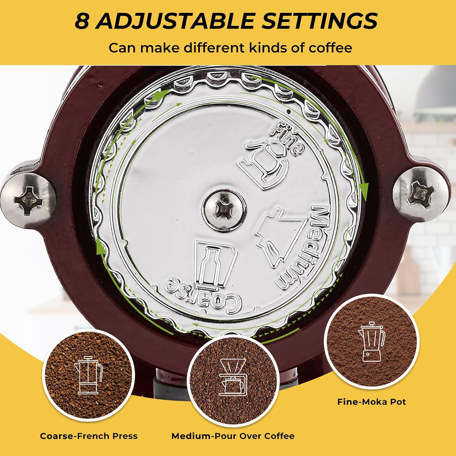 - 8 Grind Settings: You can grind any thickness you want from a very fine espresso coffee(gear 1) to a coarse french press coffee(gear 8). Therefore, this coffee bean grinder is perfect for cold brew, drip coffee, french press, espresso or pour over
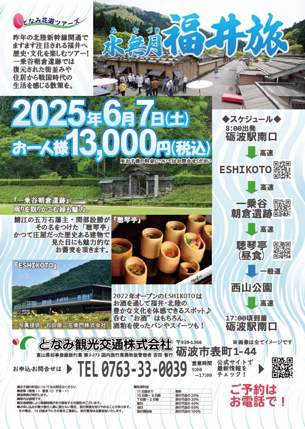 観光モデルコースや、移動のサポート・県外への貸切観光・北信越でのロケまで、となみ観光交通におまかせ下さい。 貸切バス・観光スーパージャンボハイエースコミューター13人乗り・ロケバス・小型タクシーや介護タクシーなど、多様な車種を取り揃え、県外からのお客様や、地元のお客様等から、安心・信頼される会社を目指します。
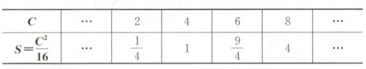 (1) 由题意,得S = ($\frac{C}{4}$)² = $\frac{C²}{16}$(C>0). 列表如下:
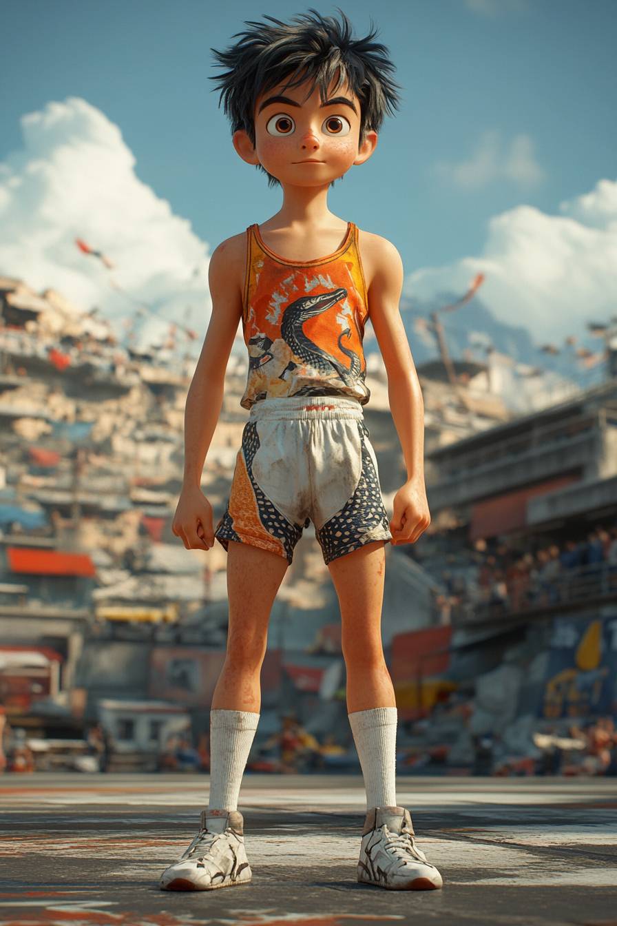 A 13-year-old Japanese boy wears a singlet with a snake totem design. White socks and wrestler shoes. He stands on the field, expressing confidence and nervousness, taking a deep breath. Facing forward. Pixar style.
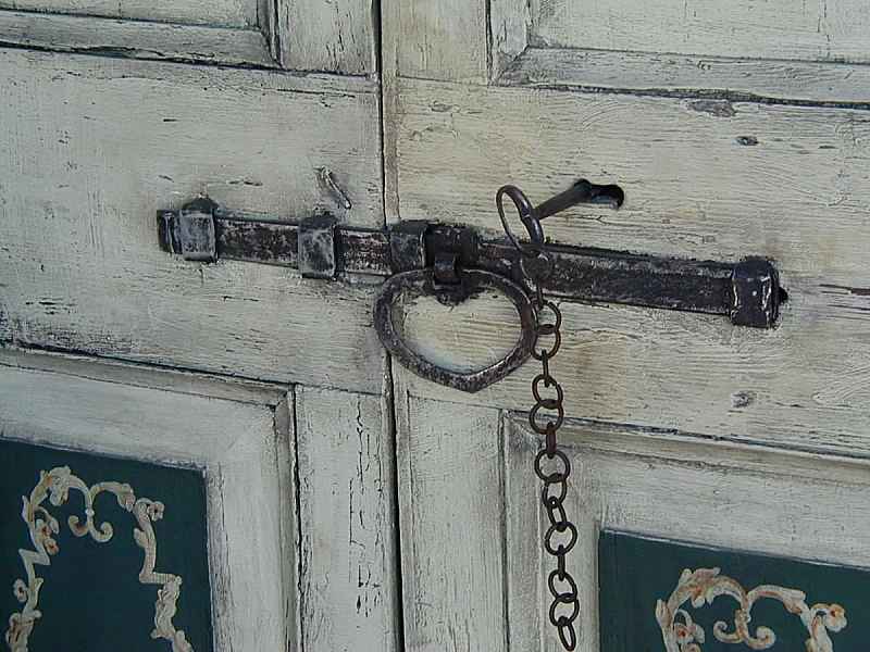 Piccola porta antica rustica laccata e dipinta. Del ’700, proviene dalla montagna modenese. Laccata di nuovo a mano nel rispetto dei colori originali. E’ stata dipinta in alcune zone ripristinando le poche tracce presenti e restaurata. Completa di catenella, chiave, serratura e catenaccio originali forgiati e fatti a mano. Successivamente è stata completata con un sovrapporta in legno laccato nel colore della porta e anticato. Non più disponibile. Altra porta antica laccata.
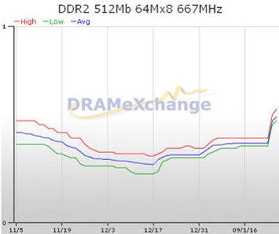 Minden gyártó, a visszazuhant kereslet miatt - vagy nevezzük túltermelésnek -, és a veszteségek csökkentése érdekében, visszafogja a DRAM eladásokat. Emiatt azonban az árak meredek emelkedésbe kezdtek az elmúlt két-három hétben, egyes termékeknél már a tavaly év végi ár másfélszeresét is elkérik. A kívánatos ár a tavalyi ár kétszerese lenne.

####

Exercise requirements
Print exactly the lines above that run from the one with "観光モデルコースや、移動のサ" down to the one with "A 13-year-old Japanese", and omit the pictures.

Result
 観光モデルコースや、移動のサポート・県外への貸切観光・北信越でのロケまで、となみ観光交通におまかせ下さい。 貸切バス・観光スーパージャンボハイエースコミューター13人乗り・ロケバス・小型タクシーや介護タクシーなど、多様な車種を取り揃え、県外からのお客様や、地元のお客様等から、安心・信頼される会社を目指します。
 (1) 由题意,得S = ($\frac{C}{4}$)² = $\frac{C²}{16}$(C>0). 列表如下:
 A 13-year-old Japanese boy wears a singlet with a snake totem design. White socks and wrestler shoes. He stands on the field, expressing confidence and nervousness, taking a deep breath. Facing forward. Pixar style.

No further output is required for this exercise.